The Pound rallied to 1.3519 following the election of Boris Johnson's Conservative Party in December but was only able to sustain such lofty heights for a fleeting moment before fears of a Bank of England rate cut, familiar uncertainties about Brexit and the coronavirus pandemic saw it unravel. 

"Euro/dollar excitedly punched above the 1.1840s resistance level yesterday as Jerome Powell announced average-inflation-targeting and, while it swiftly reversed lower on “actual” policy-action disappointment into the NY options cut, the buyers staunchly defended familiar chart support in the 1.1760s," says Eric Bregar, head of FX strategy at Exchange Bank of Canada. "Chinese yuan and Japanese yen strength very much led EURUSD higher through the 1.1840s in overnight trade and so we don’t want to read too much into the street’s new found consensus view that the Fed will pull another rabbit (or dove) out of its hat in September.
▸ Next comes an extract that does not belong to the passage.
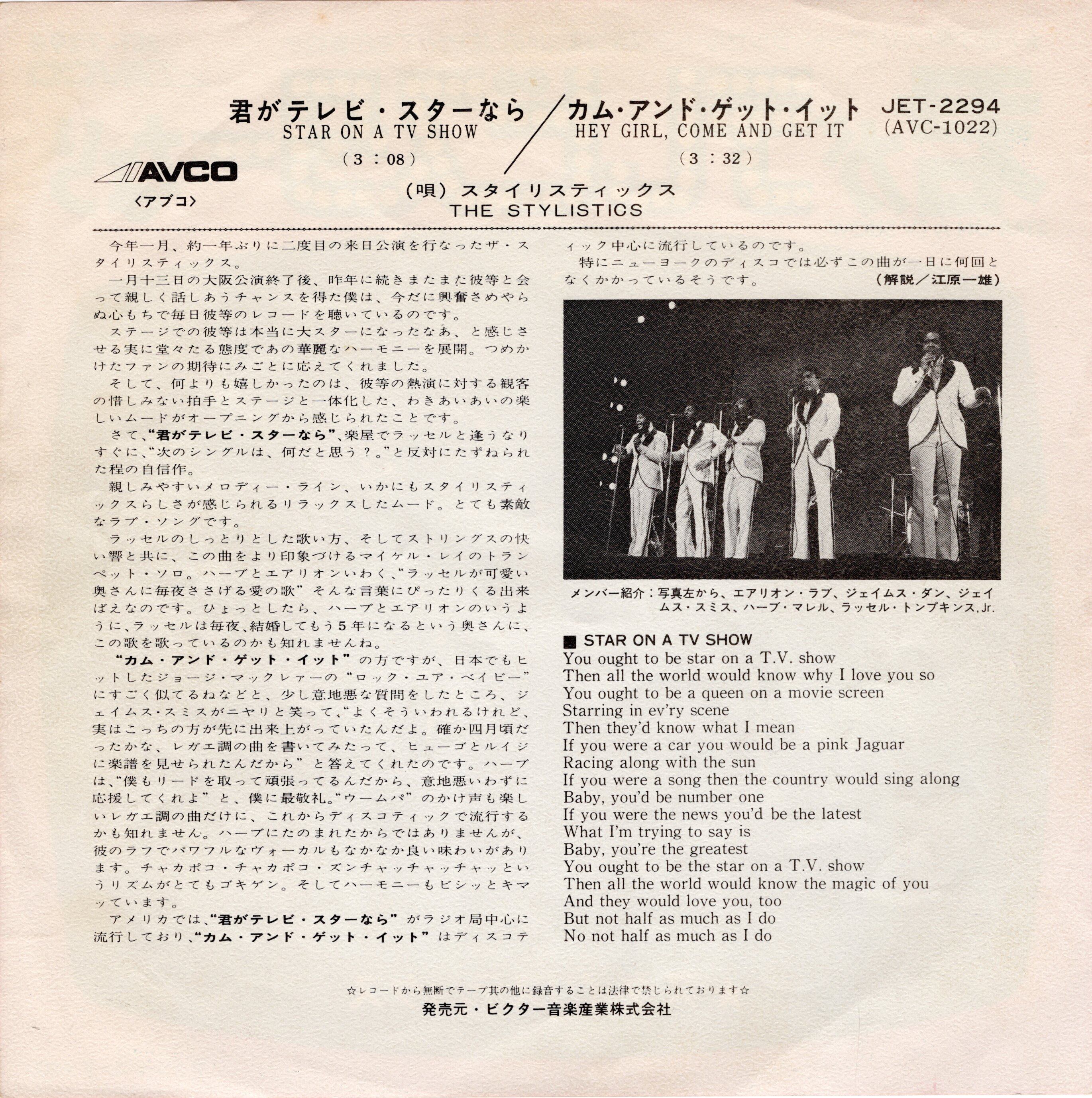 【7″】スタイリスティックス 君がテレビスターなら / カム・アンド・ゲット・イット The Stylistics – Star On A TV Show / Hey Girl Come And Get It

Month-end USD sales are also widely being reported and we’d give credence to this dynamic as well."

Europe's single currency, which accounts for 57% of the Dollar Index, saw its strongest gain since July when rallying to 1.1918, but didn't reach new highs. 

The Euro has been consolidating beneath the 1.1965 peak set on August 18 over the last week although analysts envisage further gains before year-end.

Above: Euro-to-Dollar rate shown at daily intervals.

The Dollar's steepest losses in the major currency space came against the Japanese Yen, which accounts for 13.6% of the Dollar Index, outperformed all rivals after earlier reports suggesting that Prime Minister Shinzo Abe was on the verge of resigning from office for health reasons were confirmed as accurate.

Abe told a press conference Friday that he will continue in his role until an as yet unknown successor is found, leading markets to speculate that an end of Abenomics could be near. The outgoing PM's 'three arrows' strategy of combining fiscal and monetary policies and structural economic reforms, aimed at reviving the fortunes of a long stagnating Japanese economy, was responsible for the lifting USD/JPY from 86 in January 2013 to 105 by year-end. However, some analysts are sceptical that a change of leadership will lead to a change of policy for a range of reasons and not least of all the economic turmoil kicked up by efforst to contain the coronavirus. 

"The outline of a new monetary policy strategy by Fed Chair Powell at Jackson Hole has helped fuel expectations of some additional monetary easing to back up the change in strategy. Judging from the steepening of the yield curve in the US this week that policy shift will equate to action to reinforce ‘lower for longer’ even if/when inflation starts to pick up. That belief is set to keep short-end yields anchored and potentially drive real yields lower still," says Derek Halpenny, head of research, global markets EMEA and international securities at MUFG. "Questions over Abenomics in conjunction with the broader USD move leaves USD/JPY vulnerable to the downside over the short-term. However, it is the broader USD bearish view that will be most important in USD/JPY falling from here, not a shift in policy in Japan which we do not expect to be significant given the degree of progress made under Abenomics."      

Above: USD/JPY rate shown at monthly intervals.